Just before the sun has reached the high point of its arc, ARCTIC TERNS appear in the far north — about the middle of June. Family life commences at once and sitting birds are often snowed over. Body-warmth soon thaws a small area and incubation goes on untroubled.
Within fourteen weeks the young are awing and all move south before August has gone.
While cruising the Maine coast I sometimes saw a few birds resting on bobbing lobster-trap buoys off the out lying islands but most of them take the far traverse along an unknown track.
They appear in November along the bleak Antarctic shores and fly the cold airways until a looping sun warns them 'tis time to head north again.
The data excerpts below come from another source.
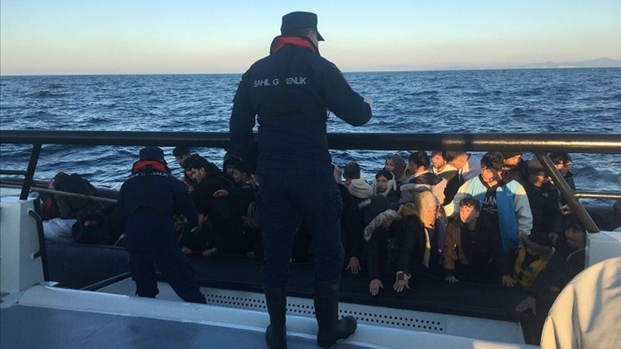 Bölgeye yönlendirilen ekipler, hareketli lastik bottaki 59 düzensiz göçmeni yakaladı.
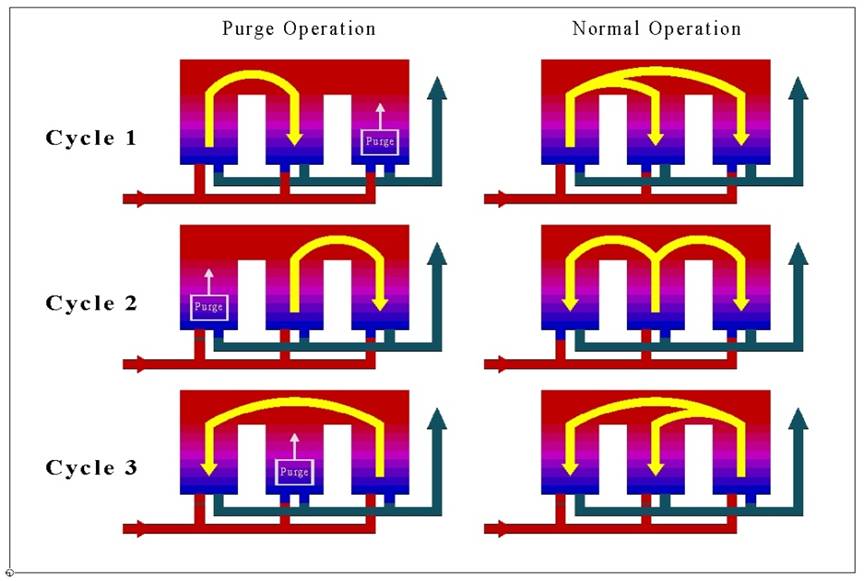 B. Core Advantages of Three-Chamber DesignCompared with two-chamber RTO, the three-chamber structure solves the problem of exhaust gas leakage during switching by adding a "purging chamber", with the main advantages as follows:
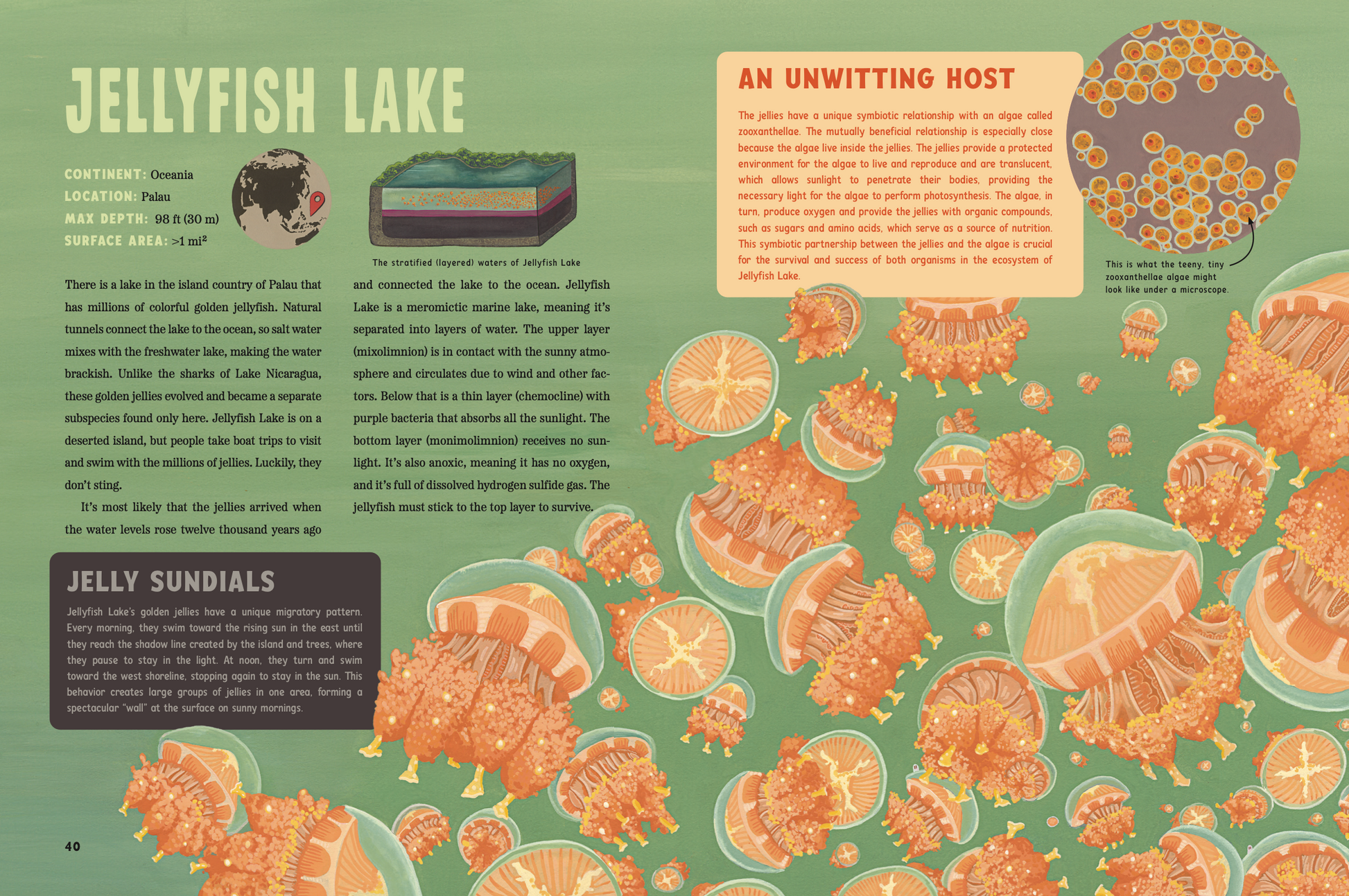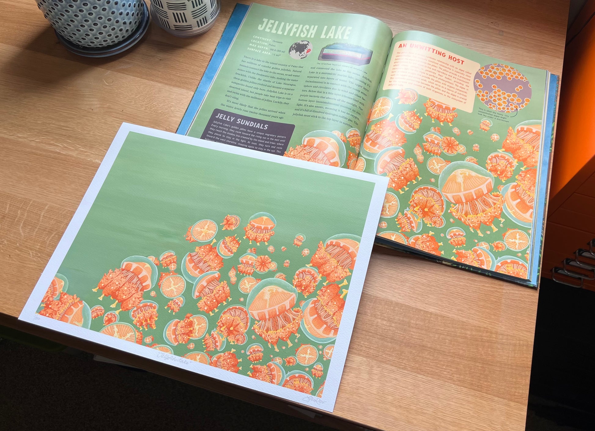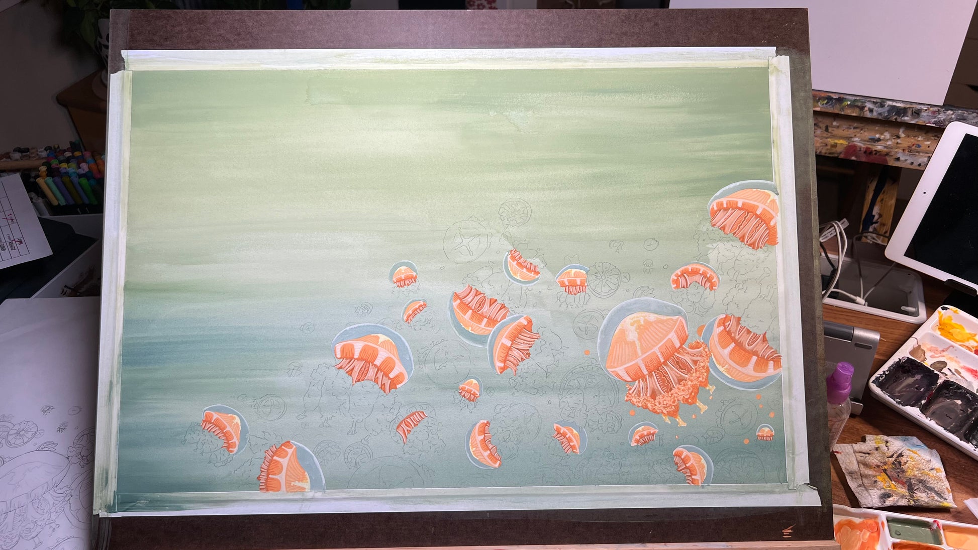 Jellyfish Lake in Palau is a special marine lake famous for having millions of golden jellyfish. Isolated from the ocean for millennia, the jellyfish migrate daily across the lake in search of sunlight. Can you spot the ghosties hidden in the painting?
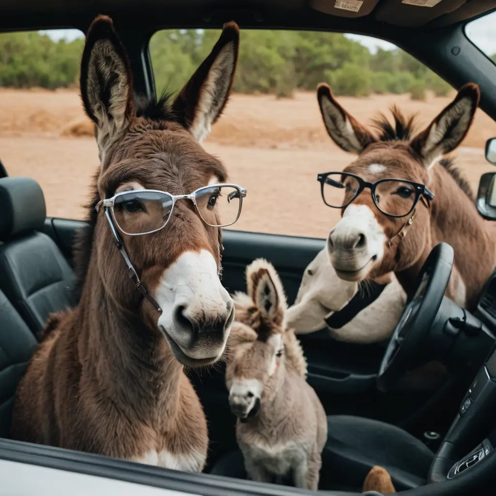 حمار يقود السياره ويرتدي نضاره بجانب صديقته
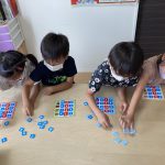親子クラスからのステップアップや姉妹兄弟の学習内容を受け継いでいる頼もしい妹たち(^O^)/初めての親子分離クラスでしたが、保護者さまの心配もよそに45分、5レッスンをクラスメイトと共に見事に楽しみながら参加してくれました。挨拶・出席確認から始まりリズム感の良いチャンツやお歌を一緒に歌ってスタート。見開き型のめくりやすいNGLテキスト学習では、単語を言いながら絵をポイントしたり、テーマに沿ったアクティビティやクラフトをしました。やはりアクティビティは大盛り上がり・・・大きな声で歌ったりアウトプットも笑顔と共にできていることは素晴らしいですね。幼少期からの英語学習には様々な意見はありますが、アウトプット量を分析すると幼少期よりインプットをしっかりされている子供たちは楽しみながら英語に触れられることが確立されているなと実感しております。無限大の成長に期待が膨らみます。
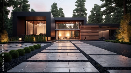 Obraz premium elegance modern house driveway
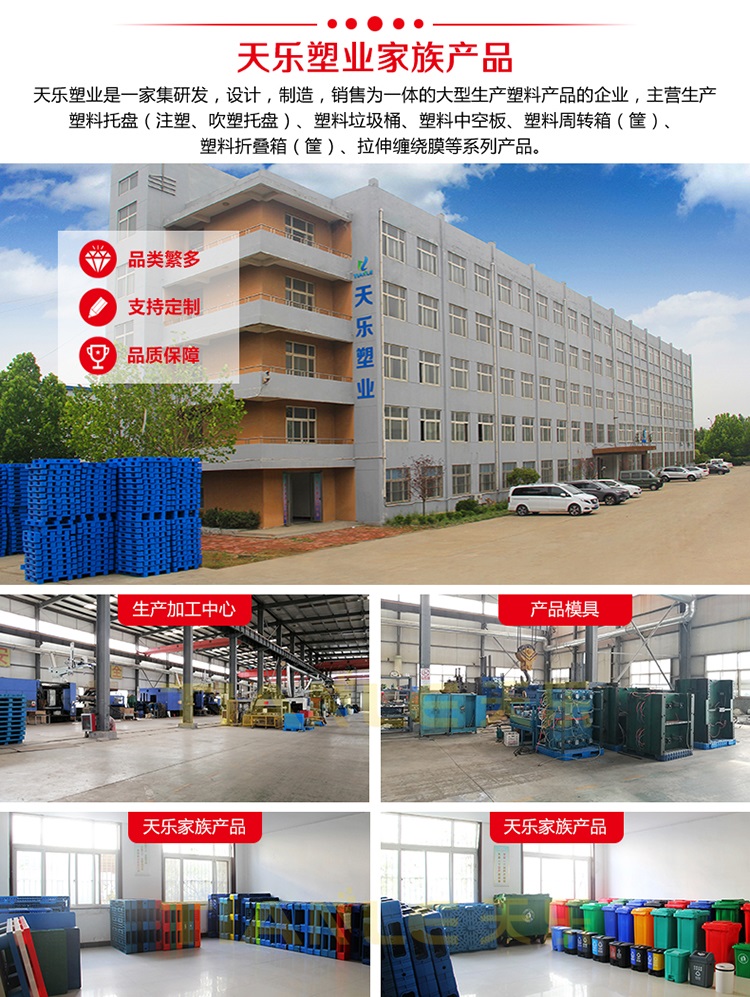 天樂塑業(yè)是一家集研發(fā),設(shè)計(jì),生產(chǎn),銷售為一體的大型塑料制品的企業(yè),公司擁有大型注塑吹塑設(shè)備、托盤焊接設(shè)備十多臺,截止目前產(chǎn)品模具多達(dá)七八十種,產(chǎn)品規(guī)格品類繁多,公司擁有經(jīng)驗(yàn)豐富的設(shè)計(jì)研發(fā)人才、設(shè)備維保技師,可提供產(chǎn)品顏色、重量、logo等定制服務(wù)、代加工服務(wù)。公司主營生產(chǎn):塑料托盤、塑料垃圾桶、塑料周轉(zhuǎn)箱(筐)、塑料折疊箱、PP中空板、拉伸纏繞膜等系列產(chǎn)品。
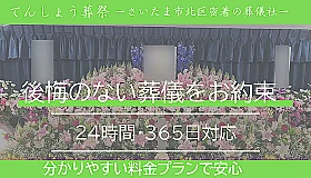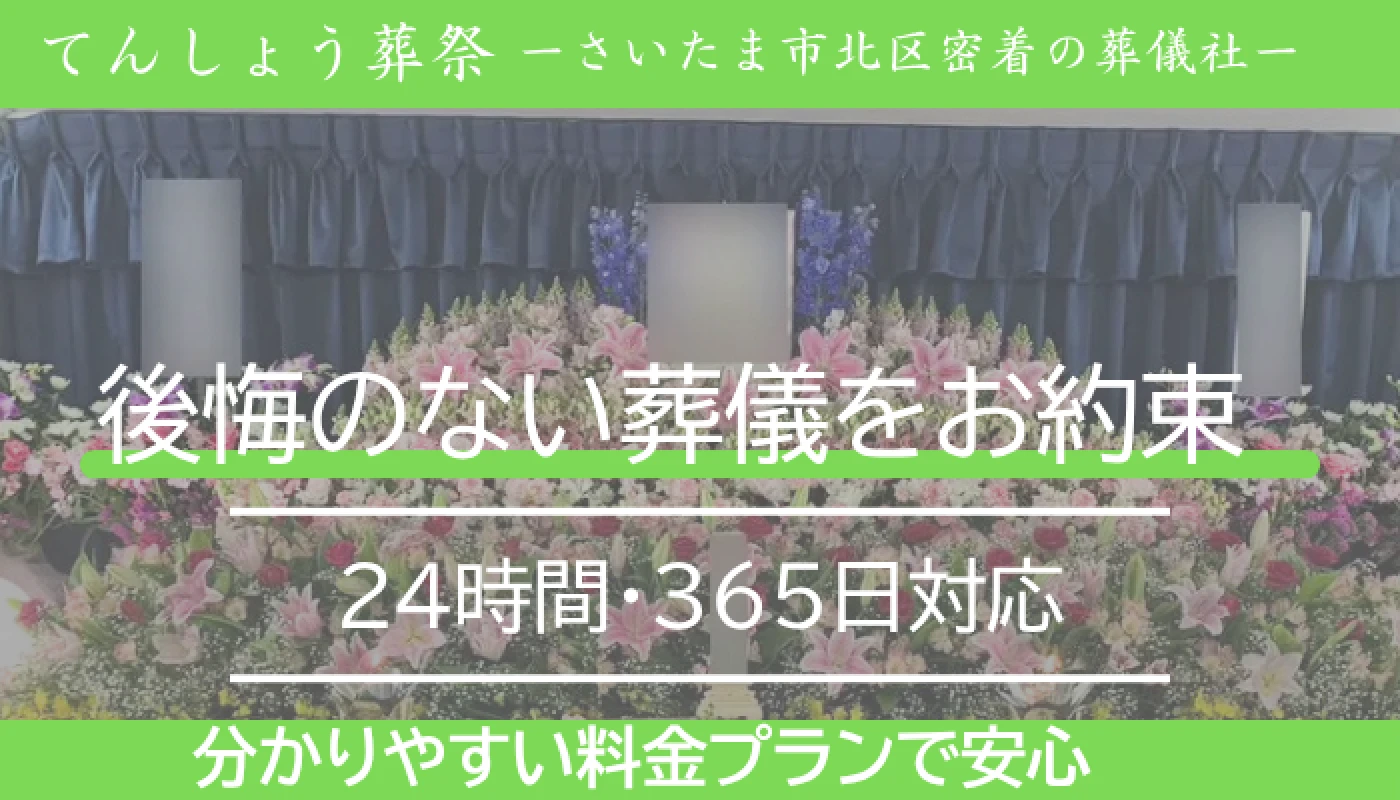 「てんしょう葬祭」はさいたま市北区にある葬儀社です。お客様に安心してご利用いただけるよう、必要なものがすべて含まれた葬儀プランをご用意しております。分かりやすい料金プランでお客様に納得いただける葬儀をご提供しております。さいたま市で葬儀をご検討中の方はぜひ一度ご相談ください。
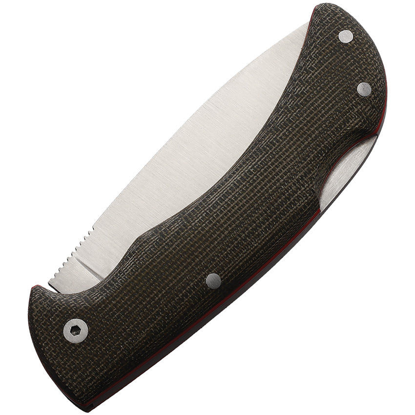 4" (10.16cm) closed. 3" (7.62cm) satin finish Bohler N690 stainless blade. Green canvas micarta handle. Boxed.
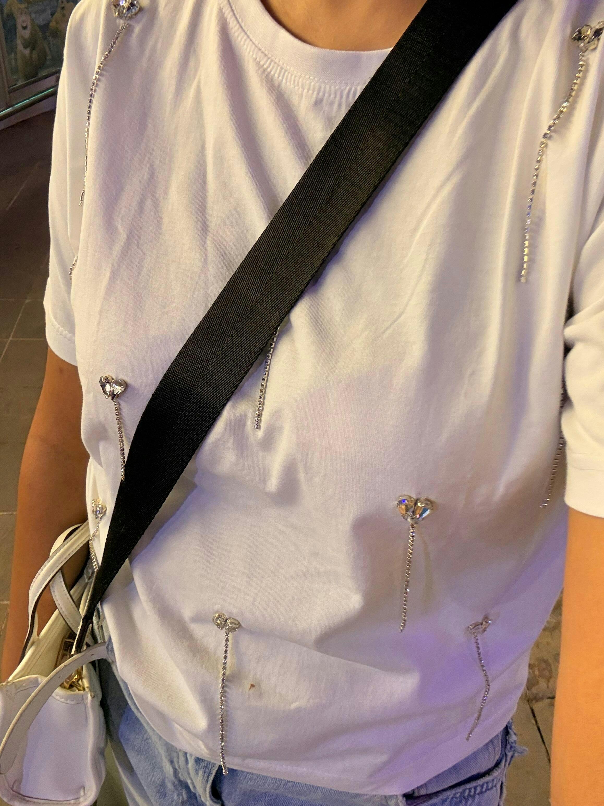 Add a touch of glam to your casual wardrobe with this dreamy white t-shirt adorned with crystal heart embellishments and delicate dangling chains. Crafted from soft, breathable cotton, this tee combines comfort with elevated detailing. The subtle shine of rhinestone hearts offers a romantic yet modern edge, making it an effortless statement piece for day or night.
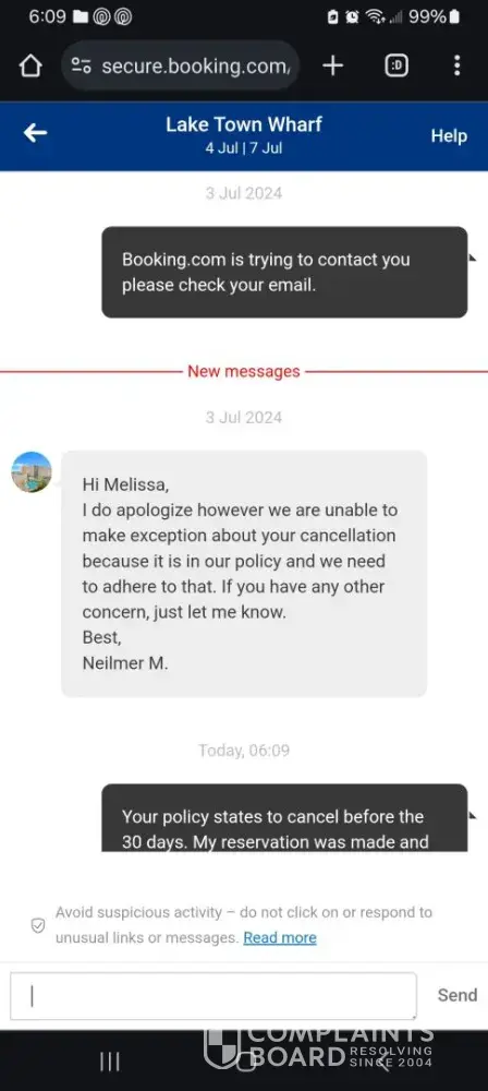 Your policy states that one should cancel before 30 days. My reservation was made less than 30 days ago, so it seems like your company is inappropriately withholding people's money and not allowing them to amend their stay dates. Both mine and my attorney have perused your policy. Your policy doesn't stipulate that you can withhold payment for guests who...
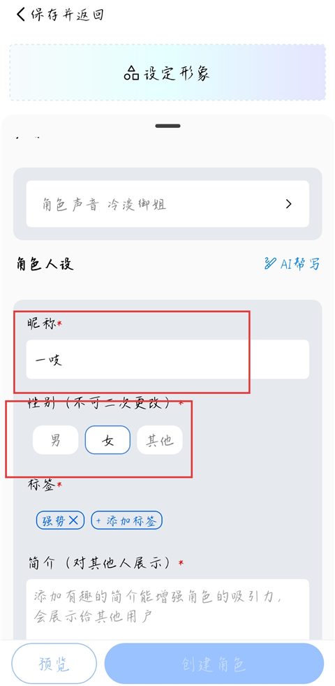6、输入角色昵称以及性别,添加角色标签。
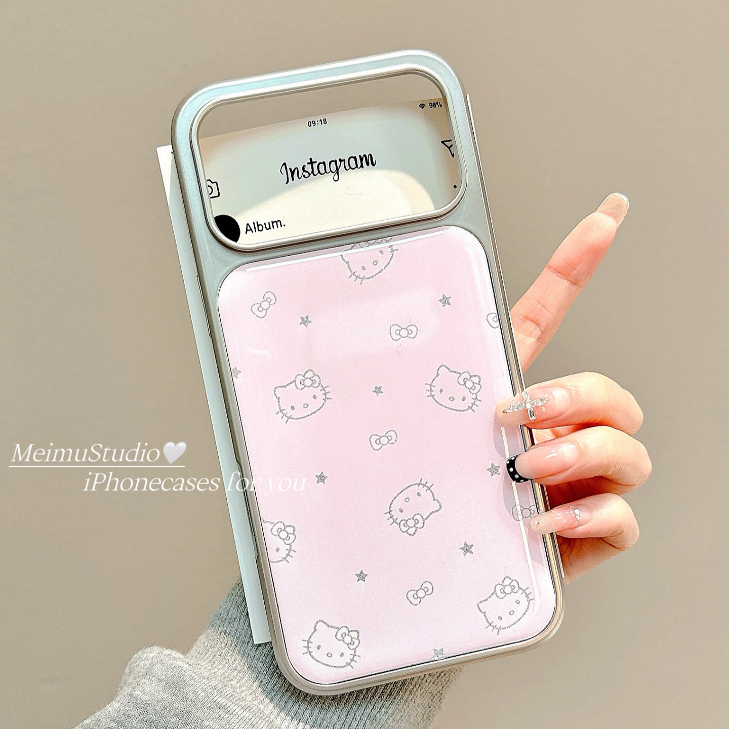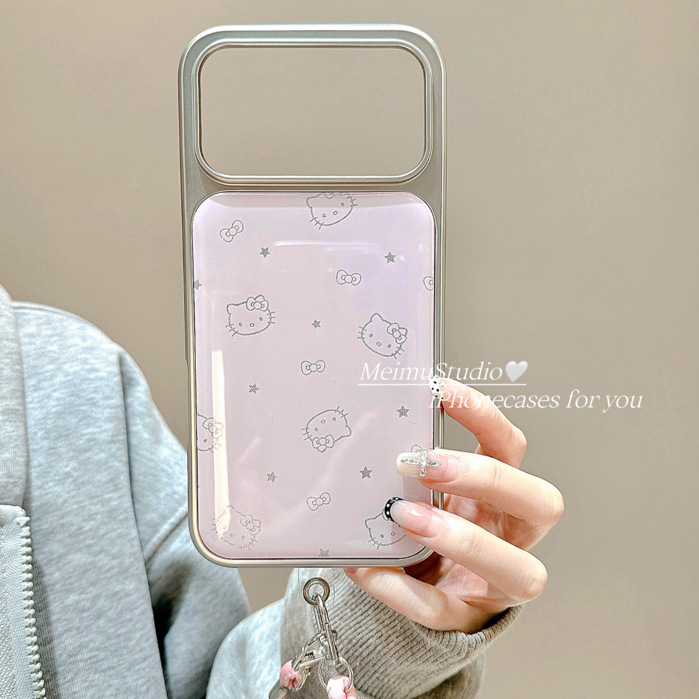 少女粉色电镀银线条可爱KT猫适用苹果手机壳
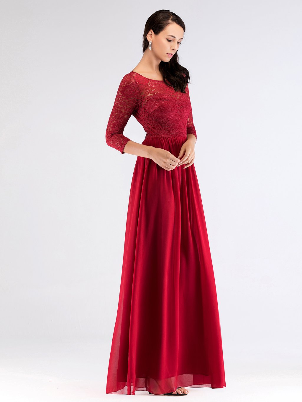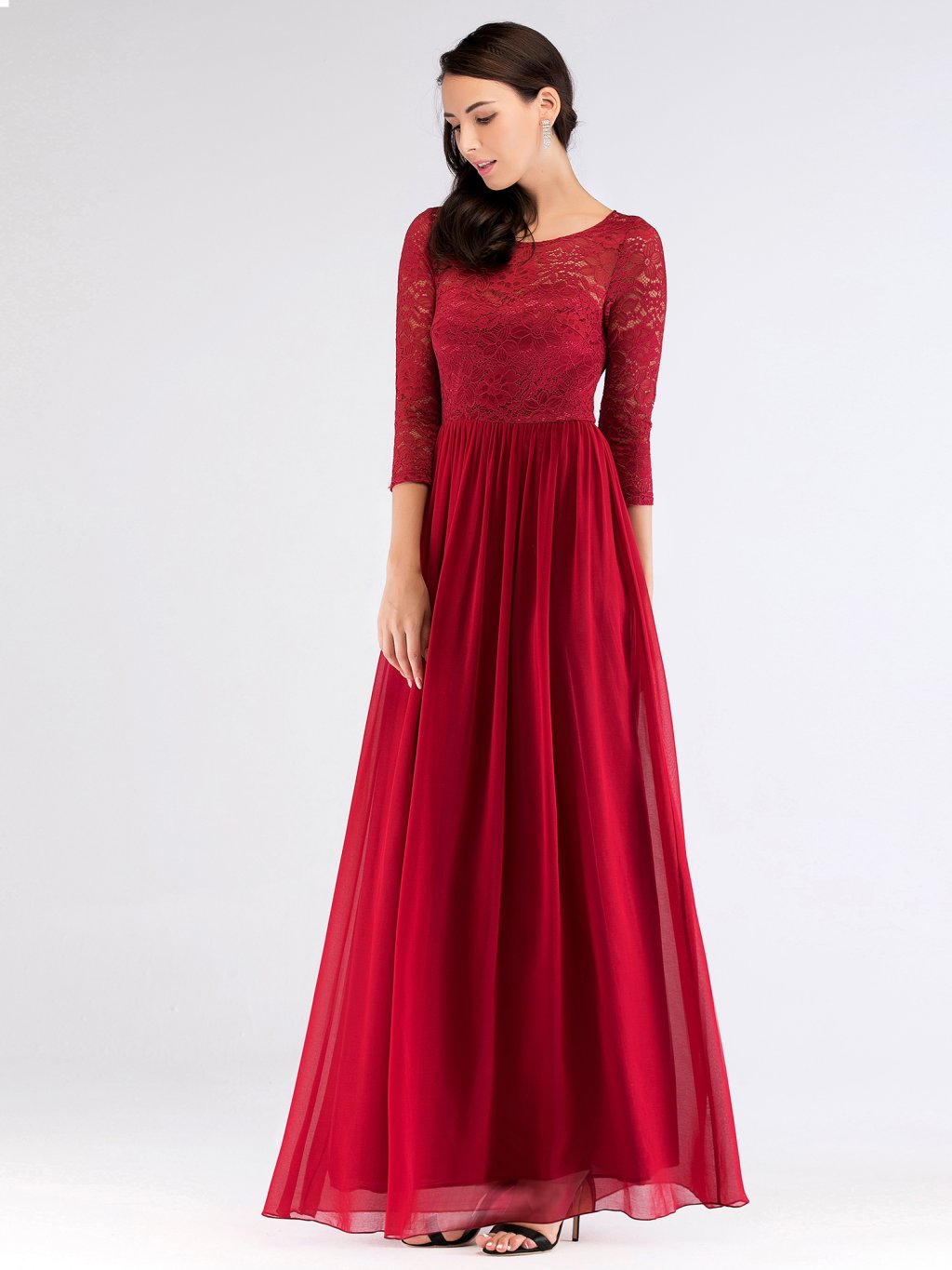 Skvělé dlouhé šaty Ever Pretty. Šaty mají 3/4 rukáv. Mají kulatý výstřih, na zádech mají kapičkový výstřih.. Vrchní díl je zdobený krajkou. Jsou z velmi příjemného materiálu a dělají pěknou postavu.

No living thing sees more sunlight than these wonderful, snowy bits of flesh and feathers. Only for short periods are they without its rays and perhaps this accounts for the remarkable vitality which enables them to travel 22,000 miles in twenty weeks — an average of 150 miles per day in a straight line!
How many more miles they fly in side trips and food-pursuit never will be known, but it must be at least twice that distance.
Banded birds have been found in France and on the southeast coast of Africa, so the Antarctic route may be more circuitous than we think.
"Arctic" is an appropriate name but "Birds of Sunshine" would be better.
From Arctic to Antarctic; probably nearly cosmopolitan.